### WHAT TO WORK ON
From the line holding "深圳公交是指服务于深圳市区以" through the line holding "Kiry - Wyżnia" below, write out every line exactly; include both of those lines and drop the pictures.

### ENTRIES PROVIDED
+++

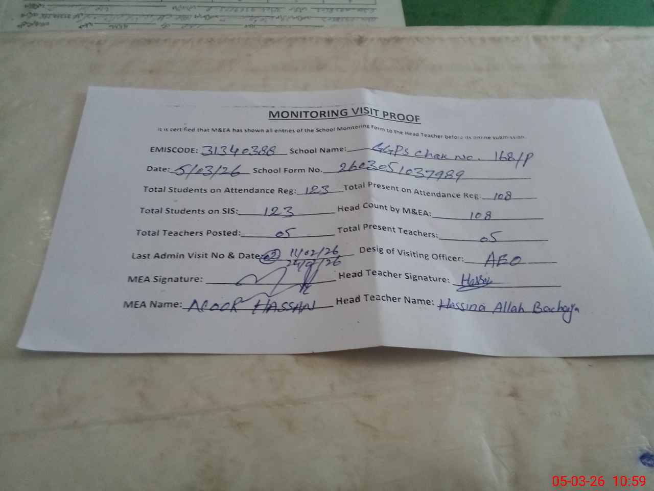 | Attendance Register | Head Teacher | MEA with School | Visit Proof |
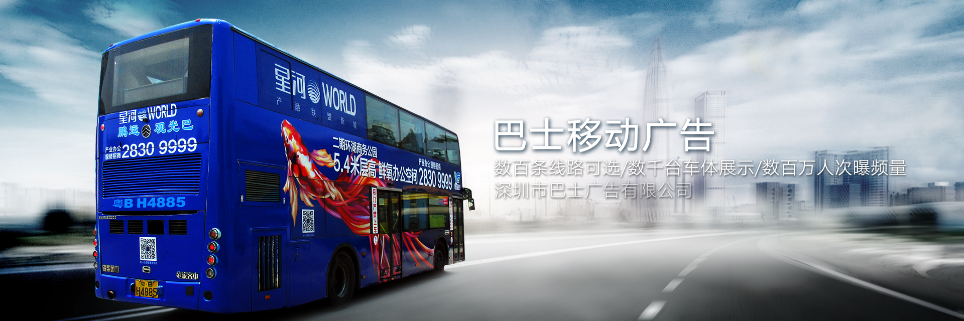 深圳公交是指服务于深圳市区以及周边郊区(以前称关外)之间的公共交通运输系统,含有公交车和地铁巴士两种服务形式,为了更好服务广大乘客,公交车配置有巴士车,巴士站台,车内椅,拉手,地铁巴士配置有地铁车,地铁站台,地铁站厅,地铁椅,地铁拉手,由于深圳人流量大,人群广,是极佳的受众群,深圳优质企业众多,深圳公交系统成了这些企业青睐媒体资源,深圳市巴士广告有限公司应运而生,承接这些公交媒体资源,整合成:巴士车身广告,巴士车内广告,巴士站台广告,巴士车尾屏广告,地铁巴士车内广告,地铁巴士站台广告,地铁巴士语音广告,地
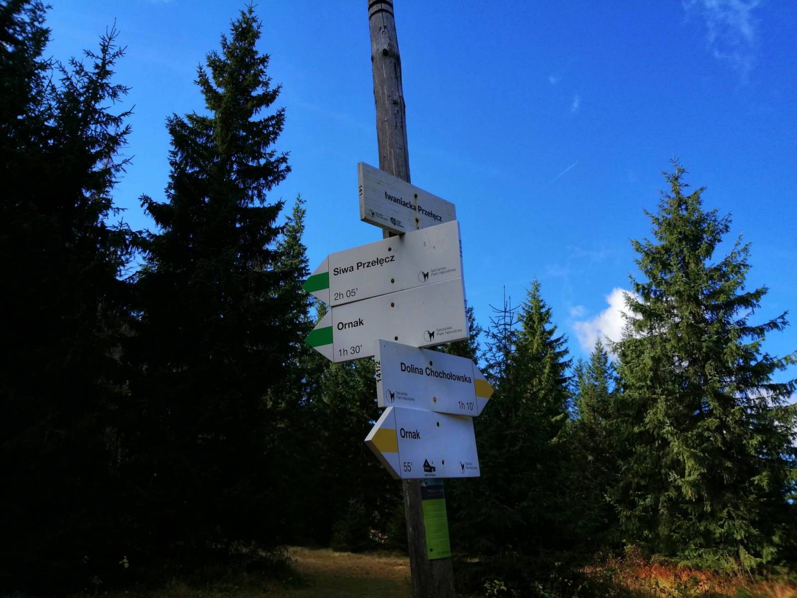 Kiry - Wyżnia Kira Miętusia - zielony szlak - Polana Pisana - Dolina Kościeliska - Schronisko Ornak - żółty szlak - Iwaniacka Przełęcz 1459m - Dolina Chochołowska - zielony szlak - Siwa Polana
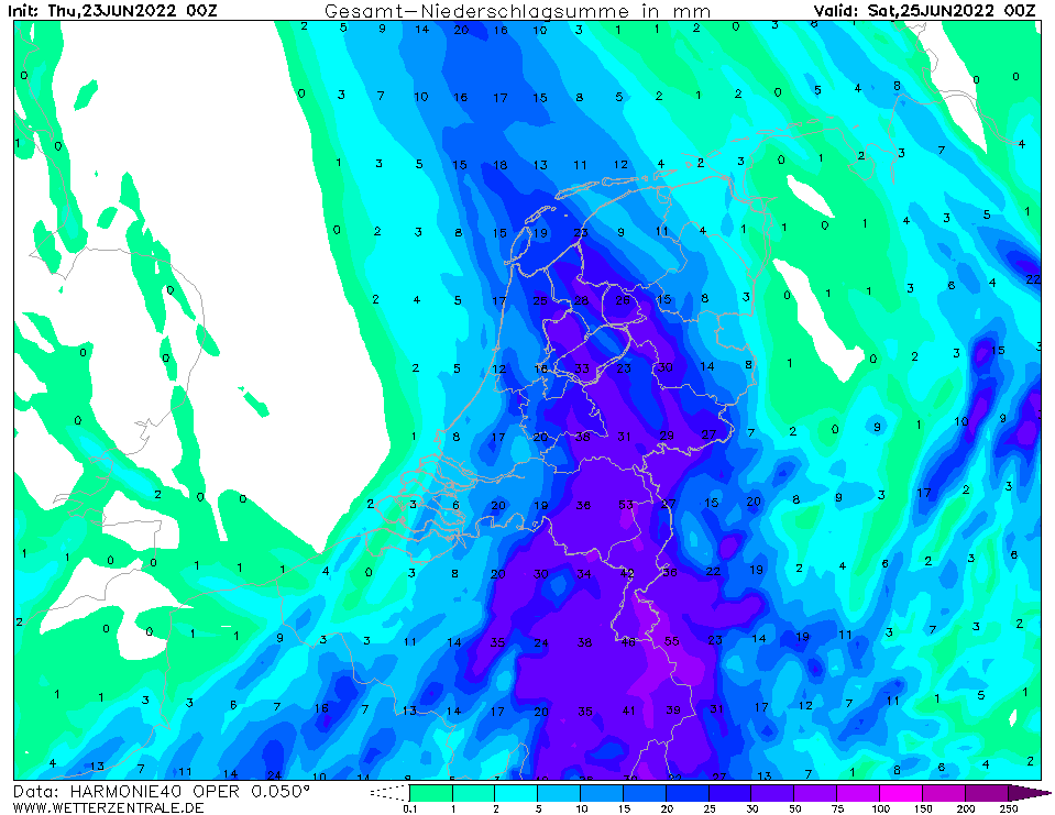 Uiterste noordoosten van Nederland en zuidwest van België blijven een stuk droger. Zaakje is wel steeds westelijker uitgekomen de afgelopen runs.
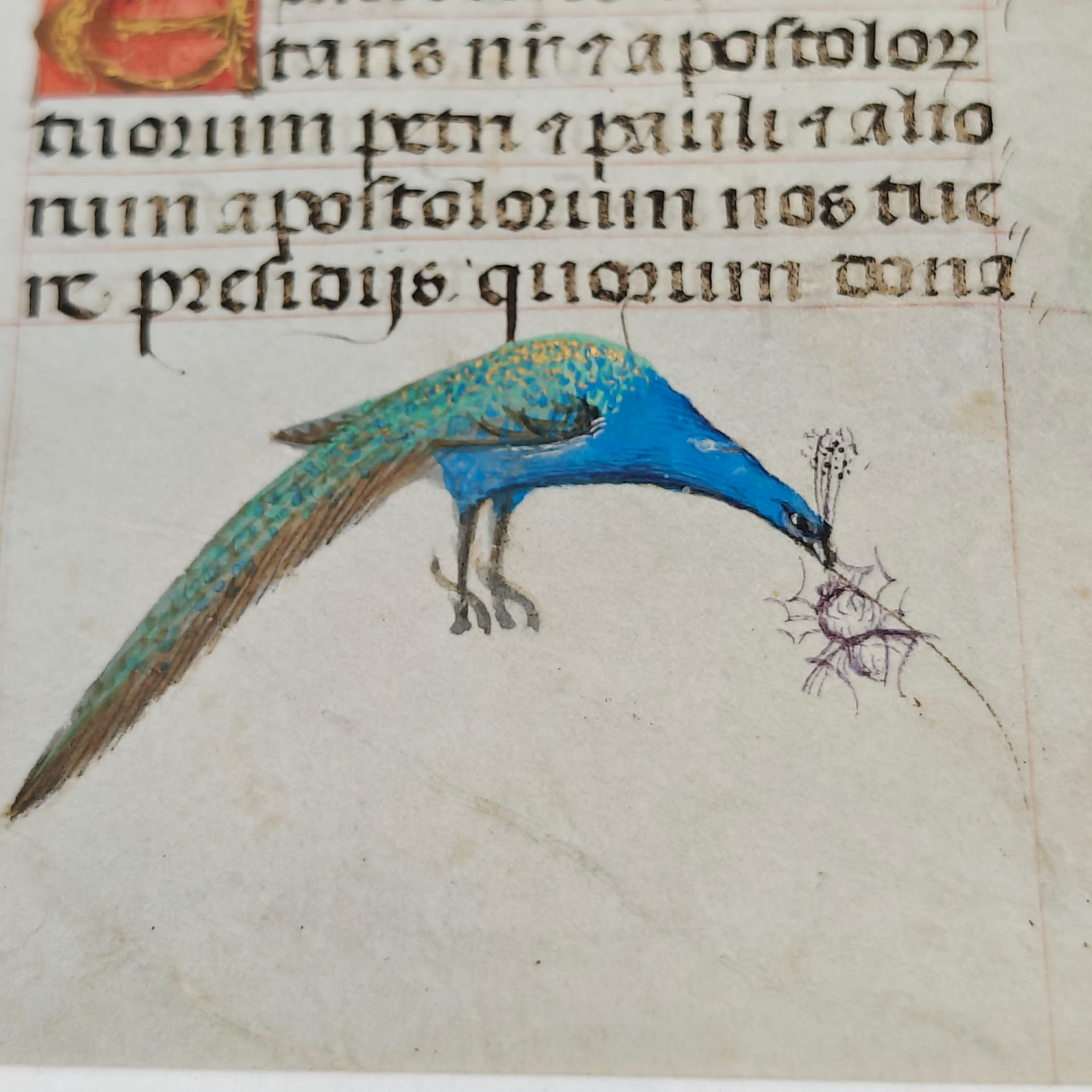 Bruges or Ghent, ca. 1500. Possibly attributable to Cornelia van Wulfschkercke. (125 x 85 mm) Latin. Single leaf from Book of Hours. Single column witht three 2-line initials on recto and verso with decorative gilt penwork on coloured backgrounds of pink, blue and green. 17 lines of Gothic rotunda with uncrossed Tironian et, hairlines on a and decorative hairlines on large initials, some ascenders have thorns and bifurcations, some descenders have bifucations. Gothic formata elements such as diamond pedes, but letter forms are rounded rather than typical Gothic angular form and less severe fusion throughout. Penstroke crosshatches at end of lines indicating broken words. Rubricated in pink. Recto is likely from Prime of Hours of the Virgin, likely Use of Rome. Marginal illustration of peacock eating spider and butterfly on thistle. High quality, thin and creamy parchment with minor marginal browning. Housed in passepartout, unmounted. German description in modern pencil along bottom border of passepartout, with numbers collector’s code. Likely from the collection of Roger Martin (1939-2020). MB657/MSB7v

+++

### WRITTEN SOLUTION
 深圳公交是指服务于深圳市区以及周边郊区(以前称关外)之间的公共交通运输系统,含有公交车和地铁巴士两种服务形式,为了更好服务广大乘客,公交车配置有巴士车,巴士站台,车内椅,拉手,地铁巴士配置有地铁车,地铁站台,地铁站厅,地铁椅,地铁拉手,由于深圳人流量大,人群广,是极佳的受众群,深圳优质企业众多,深圳公交系统成了这些企业青睐媒体资源,深圳市巴士广告有限公司应运而生,承接这些公交媒体资源,整合成:巴士车身广告,巴士车内广告,巴士站台广告,巴士车尾屏广告,地铁巴士车内广告,地铁巴士站台广告,地铁巴士语音广告,地
 Kiry - Wyżnia Kira Miętusia - zielony szlak - Polana Pisana - Dolina Kościeliska - Schronisko Ornak - żółty szlak - Iwaniacka Przełęcz 1459m - Dolina Chochołowska - zielony szlak - Siwa Polana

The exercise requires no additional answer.